The best performances are chunking and padding. The chunking ones raises the number to 93% as the padding one. Combining both gives 99% hit ratio.
root@codespaces-36f82b:/workspaces/latin-america-2024/homework/cache-coherence# grep "board.cache_hierarchy.ruby_system.L1Cache_Controller.Fwd_GETS " out_[1-6]_16/stats.txt | cut -b 70-160
er.Fwd_GETS | 410 17.23% 17.23% | 1809 76.01% 93.24% |
er.Fwd_GETS | 405 67.61% 67.61% | 20 3.34% 70.95% |
er.Fwd_GETS | 411 17.23% 17.23% | 376 15.77% 33.00% |
er.Fwd_GETS | 411 67.38% 67.38% | 14 2.30% 69.67% |
er.Fwd_GETS | 411 17.10% 17.10% | 1769 73.59% 90.68% |
er.Fwd_GETS | 403 64.38% 64.38% | 22 3.51% 67.89% |
root@codespaces-36f82b:/workspaces/latin-america-2024/homework/cache-coherence#
The numbers are 1809, 20, 376, 14, 1769, 22.
Chunking seems to be the operation that minimizes the read sharing.
I can't understand why res-race-opt has less read sharing than block-race-opt. In both implementations the access is unchunked and with different counters.
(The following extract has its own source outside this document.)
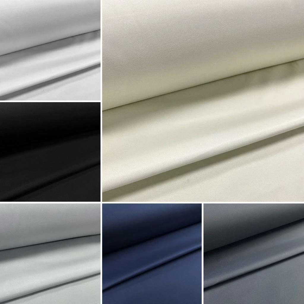 Our Blackout Thermal Curtain Lining Fabric is available in: Black, White, Ivory, Stone, Navy, Light Grey & Mid ‘Charcoal’ Grey.

The only difference between them is the padding between the counters.
root@codespaces-36f82b:/workspaces/latin-america-2024/homework/cache-coherence# grep "board.cache_hierarchy.ruby_system.L1Cache_Controller.Fwd_GETX " out_[1-6]_16/stats.txt | cut -b 70-160
er.Fwd_GETX | 42 0.13% 0.13% | 2008 6.10% 6.23% |
er.Fwd_GETX | 43 0.13% 0.13% | 1978 6.02% 6.15% |
er.Fwd_GETX | 40 0.12% 0.12% | 2010 6.13% 6.25% |
er.Fwd_GETX | 41 0.13% 0.13% | 1985 6.06% 6.18% |
er.Fwd_GETX | 40 20.83% 20.83% | 13 6.77% 27.60% |
er.Fwd_GETX | 46 20.00% 20.00% | 15 6.52% 26.52% |
root@codespaces-36f82b:/workspaces/latin-america-2024/homework/cache-coherence#
The numbers are 2008, 1978, 2010, 1985, 13, 15.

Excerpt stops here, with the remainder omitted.